Published 26 Dec 2023 in cs.AR, cs.DC, and cs.LG | (2312.15896v3)

Abstract: Matrix multiplication is the dominant computation during Machine Learning (ML) inference. To efficiently perform such multiplication operations, Compute-in-memory (CiM) paradigms have emerged as a highly energy efficient solution. However, integrating compute in memory poses key questions, such as 1) What type of CiM to use: Given a multitude of CiM design characteristics, determining their suitability from architecture perspective is needed. 2) When to use CiM: ML inference includes workloads with a variety of memory and compute requirements, making it difficult to identify when CiM is more beneficial than standard processing cores. 3) Where to integrate CiM: Each memory level has different bandwidth and capacity, creating different data reuse opportunities for CiM integration.

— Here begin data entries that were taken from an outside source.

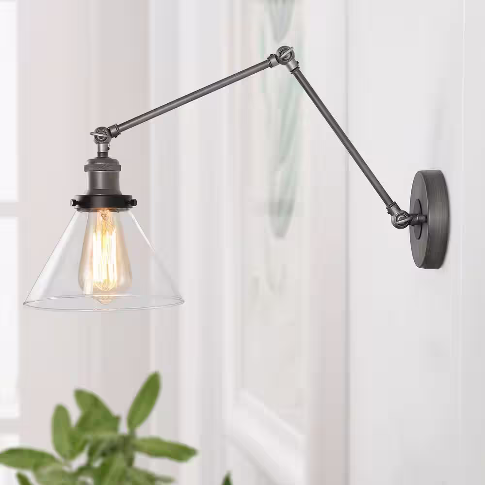 LNC Adjustable 1-Light Black Plug-In or Hardwire Modern Industrial Swing Arm Wall Sconce with Clear Glass Shade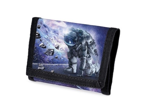 Portfel dla dziecka z kolorowym nadrukiem. Posiada przegródkę na banknoty, monety, kieszonkę np. na bilety oraz przezroczystą kieszonkę wielkości karty do bankomatu.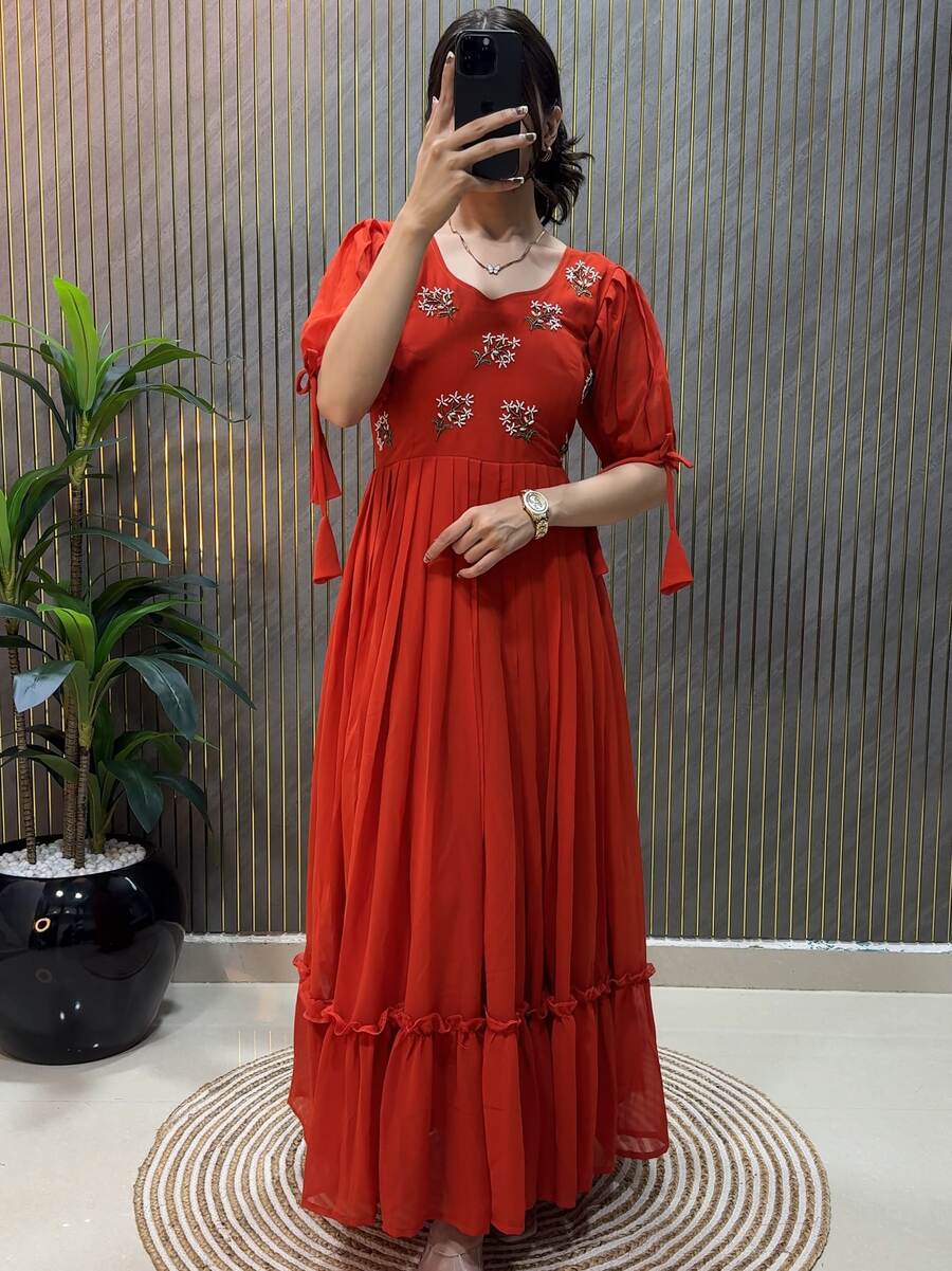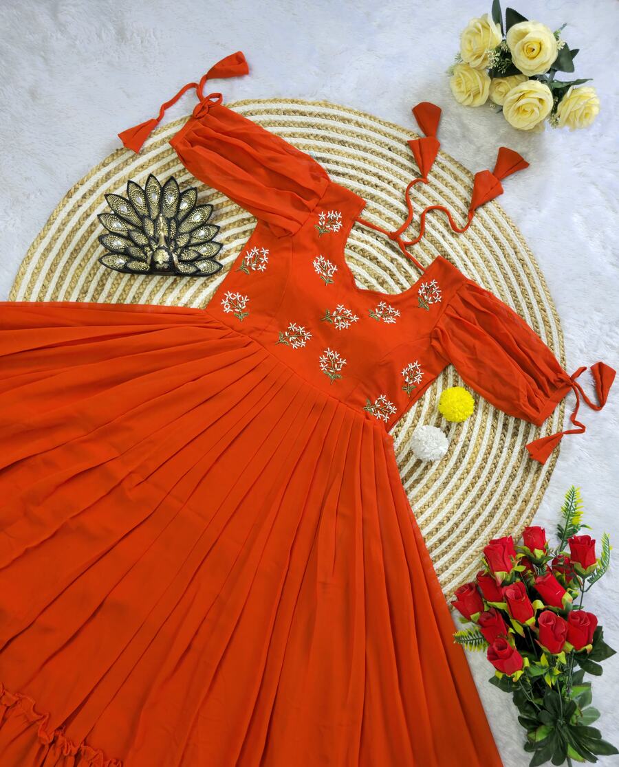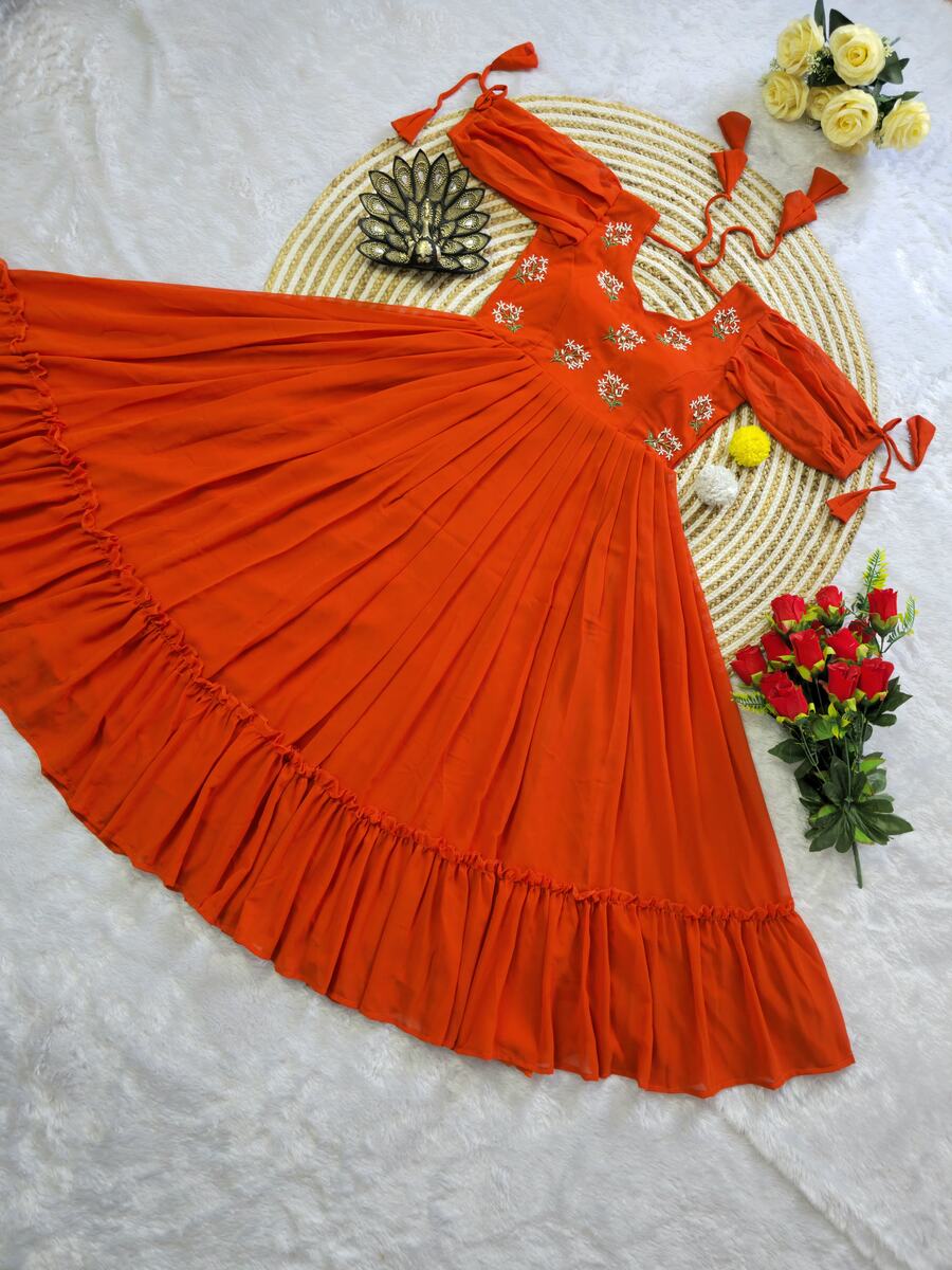 LATEST GEORGETTE HAND WORK ONE PEICE DRESS ORANGE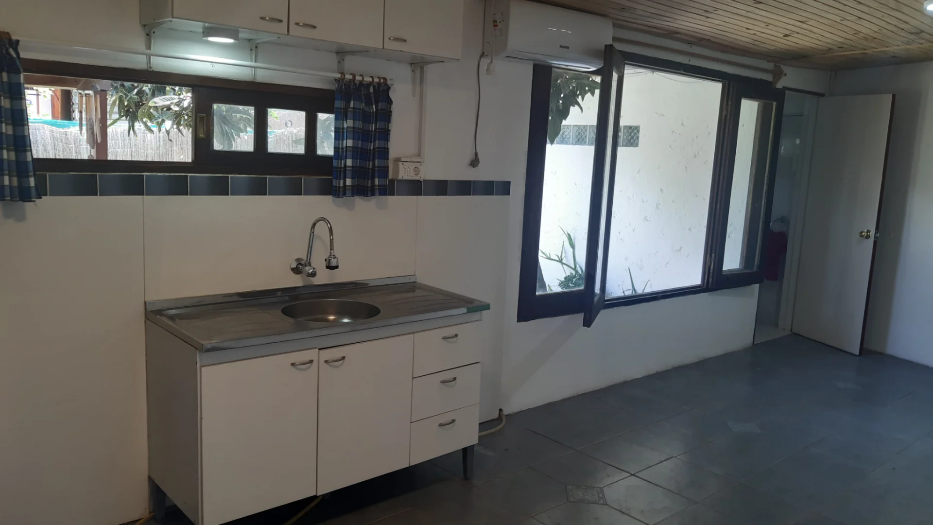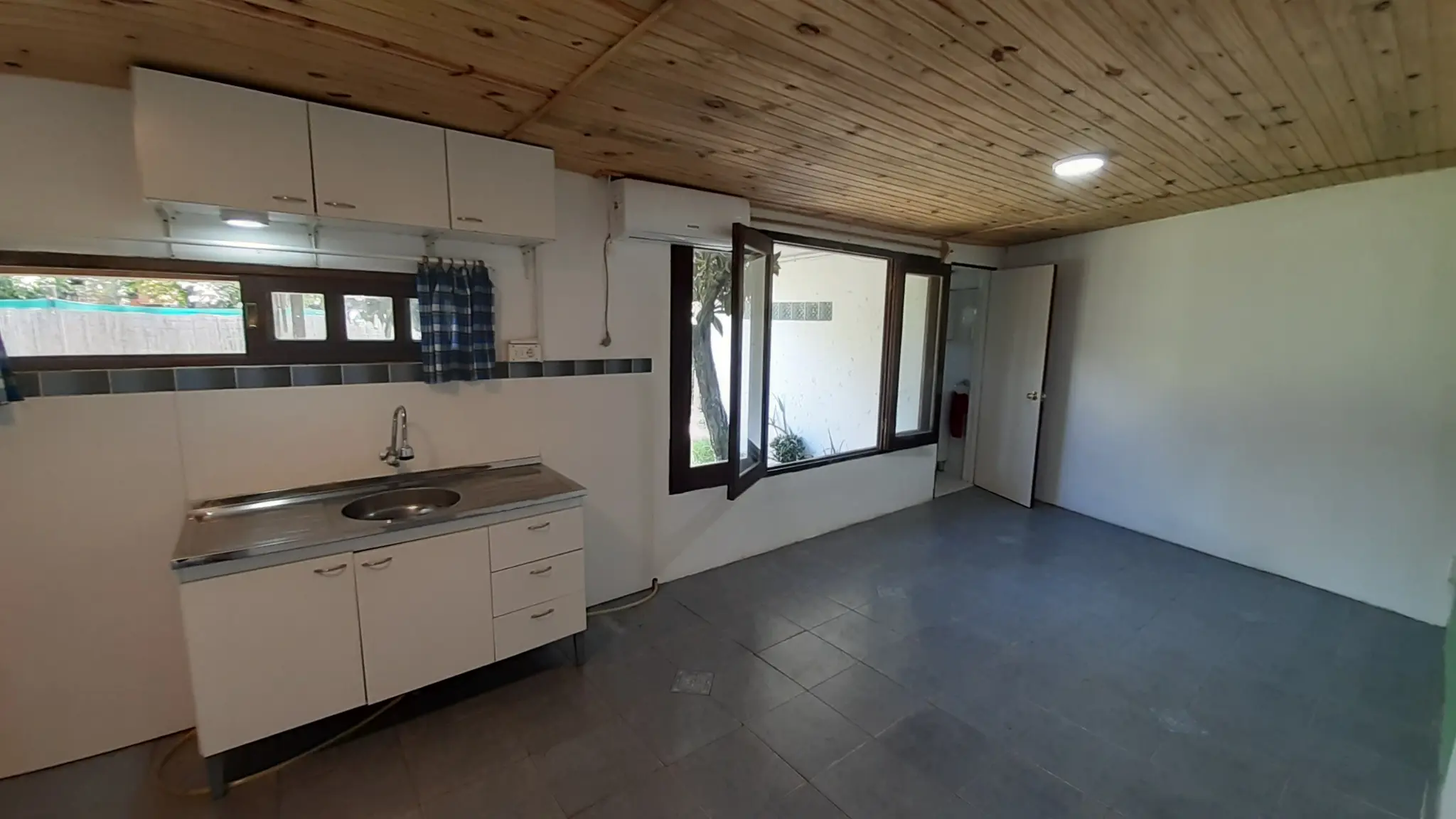 Cómodo Monoambiente de 28 mts2, con kitchenette, baño, ventanal, aire acondicionado, calefón a gas (gran ahorro) y porche. Instalación para lavarropas.

To answer such questions regarding on-chip CiM integration for accelerating ML workloads, we use an analytical architecture-evaluation methodology with tailored mapping algorithm. The mapping algorithm aims to achieve highest weight reuse and reduced data movements for a given CiM prototype and workload. Our analysis considers the integration of CiM prototypes into the cache levels of a tensor-core-like architecture, and shows that CiM integrated memory improves energy efficiency by up to 3.4x and throughput by up to 15.6x compared to established baseline with INT-8 precision. We believe the proposed work provides insights into what type of CiM to use, and when and where to optimally integrate it in the cache hierarchy for efficient matrix multiplication.